[2115] in Kerberos-V5-bugs
my crib sheet on getting a slave server up and running with beta-6
daemon@ATHENA.MIT.EDU (Stephen M. Kenton)
Thu Jul 25 17:15:15 1996
From: "Stephen M. Kenton" <skenton@ou.edu>
To: <krb5-bugs@MIT.EDU>
Date: Thu, 25 Jul 1996 16:13:51 -0500
Here is a copy of my crib sheet for kerberos slave servers. I just
updated
it for beta-6. They inter-operated with the beta-5 and earlier versions.
I
figured that other people would probably appreciate it, rough though it
may be.
Building a Kerberos 5 beta-6 slave
The BETA6 stuff has been tested on Solaris 2.5 It works here, your
mileage may vary. Installing current (~4.9.3) versions of bind/named
can modify some of the include files and shared libraries.

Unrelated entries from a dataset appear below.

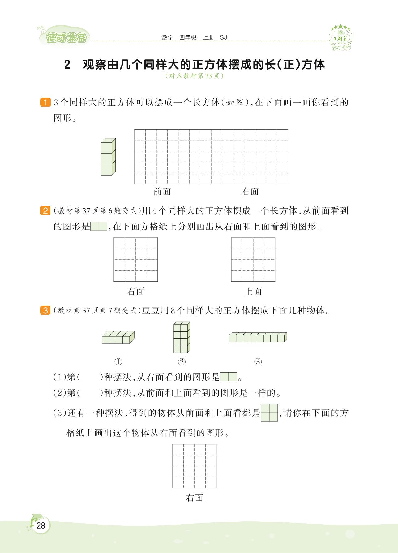 2022上册四年级数学苏教版 第三单元 观察物体——2 观察由几个同样大的正方体摆成的长(正)方体
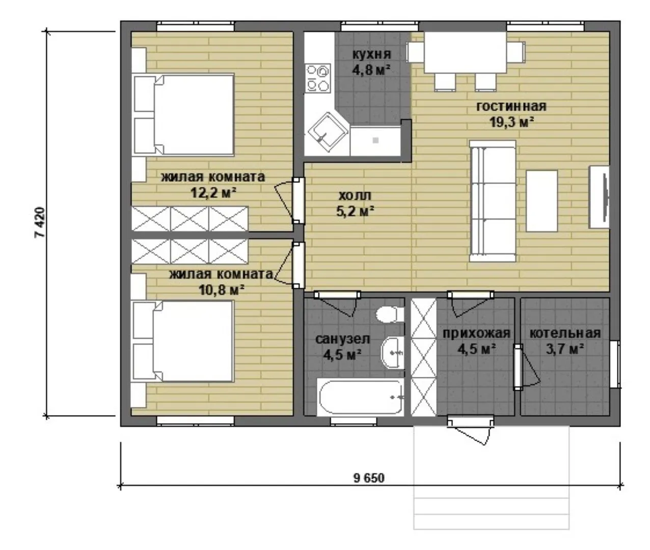 Заказать конусльтацию по:Дом 65 м2, 1 этаж
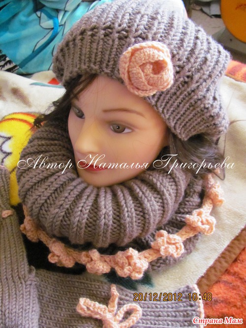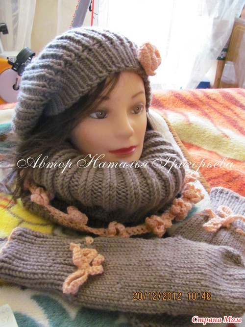Изначально была задумка просто шарф- труба и варежки, связала решила носить только как шарф и до вязала берет. Ниточка ARCTIC от NAKO, ушло 5.5 моточков. Длина трубы 50 см, ширина 65.
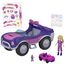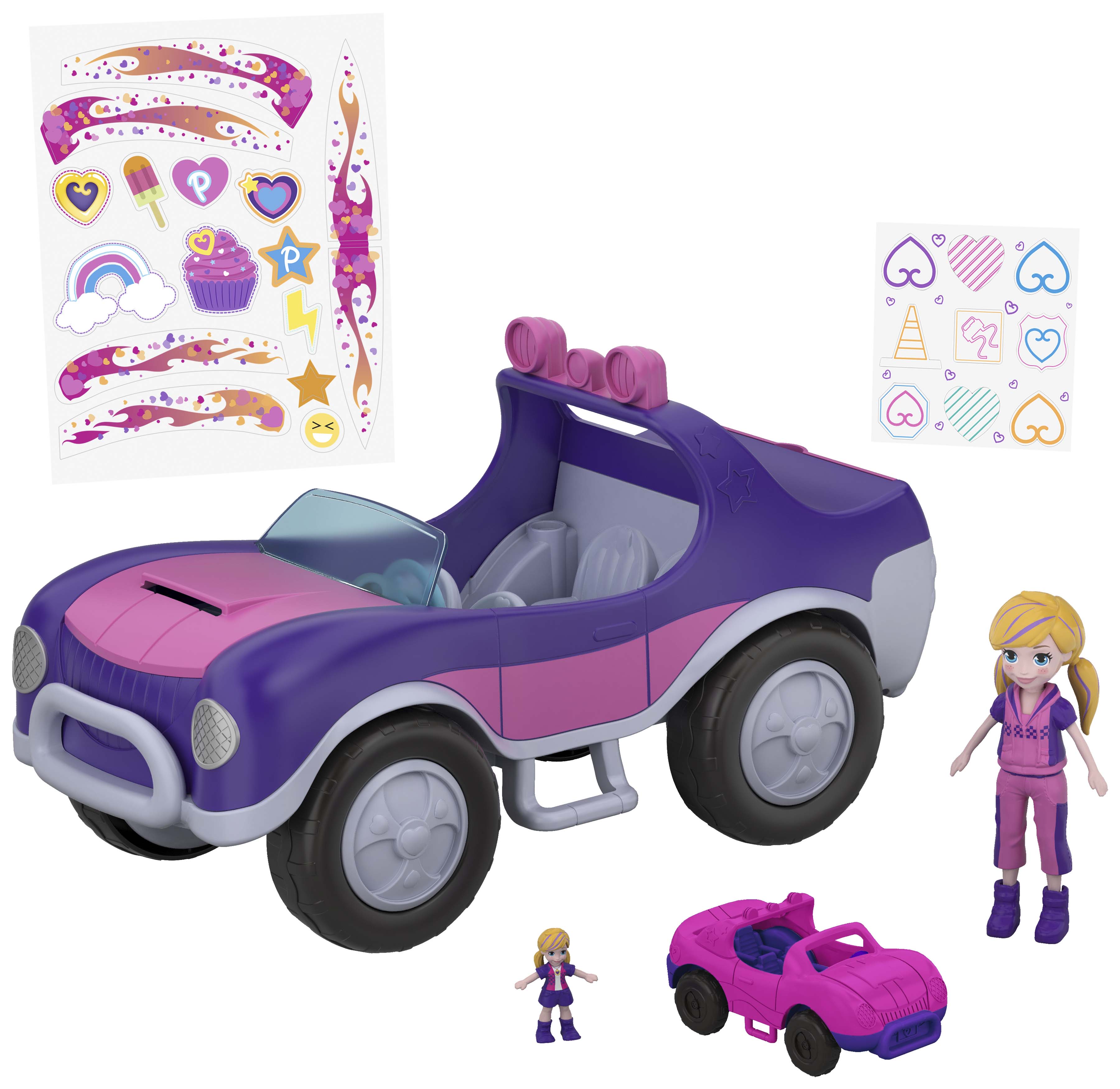 Polly Pocket la petite poupée est heureuse de vous présenter son super-sporty s.u.v. qui cache de nombreuses surprises ! Découvrez à l'intérieur de la voiture rose et violette une station de lavage qui se trouve dans le coffre ainsi que des autocollants amovibles en vinyle !
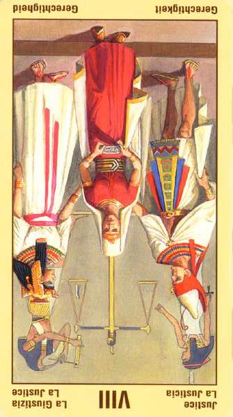 In the Rider-Waite deck, the cards for Justice and Strenght have swapped places, because Waite saw links between the cards and the astrological signs Leo and Libra.
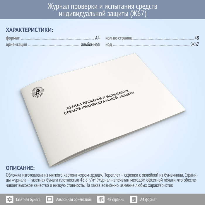 Журнал проверки и испытания средств индивидуальной защиты (48 стр., Ж67) в Омске купить
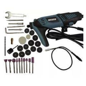 Micro Retifica Elétrica 127v 160W WS3113KU Wesco Especificações Técnicas do Martelete Sds Plus a Bateria 18v WS2940k2 Wesco: Tensão: 127V Potencia: 160 W Número de rotações nominal: 800035000/mim Tamanho do suporte: 2,3mm/3,2mm Duplo isolamento Cor: preto e azul Peso :0,65kg Dimensões da Caixa: 24 x 9 x 30 cm Itens Inclusos: 1 Empunhadura auxiliar 1 Limitador de profundidade 1 Reservatório plástico para graxa 40 acessórios
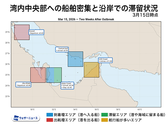 ウェザーニューズは、ペルシャ湾全域の船舶の動向を位置情報が取得できるAIS(船舶自動識別装置)のデータから分析を行っています。3月15日時点でUAE(アラブ首長国連邦)付近を航行している船舶数は、通常の11倍にまで膨れ上がっています。カタール沿岸域も同様の傾向です。
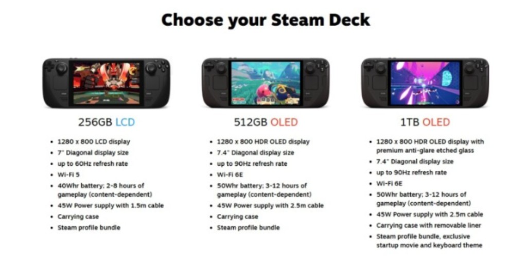 Com o fim do modelo LCD, o Steam Deck passa a ser vendido oficialmente em apenas duas versões, ambas com tela OLED.
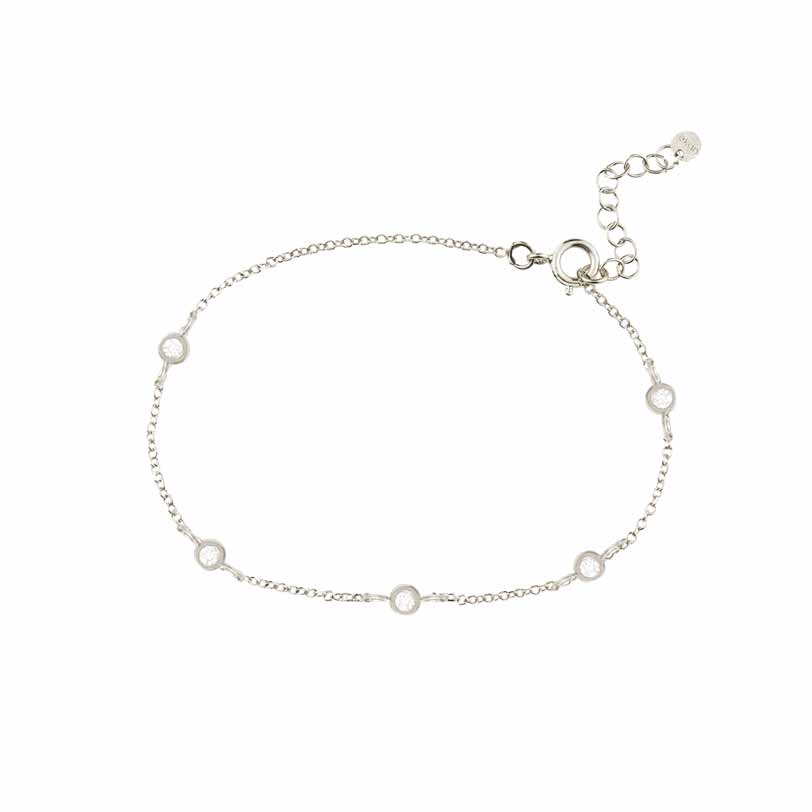Ένα μοντέρνο καθημερινό γυναικείο βραχιόλι από λευκόχρυσο Κ14 με 5 διακριτικά διαμάντια ενσωματωμένα σε αλυσίδα.

The
installs described below were done before upgrading to the new bind.
If you have already upgraded bind you will have a bit more lint
picking to do in the compile stage. You are on your own there. KRB5-6
Builds out of the box.
First you need a working master. Untar the source for Kerberos 5 and
configure it with:
cd src
./configure
or if you use gcc
./configure --with-cc=gcc --with-ccopts=-i
Now build the executables and install them in the standard places.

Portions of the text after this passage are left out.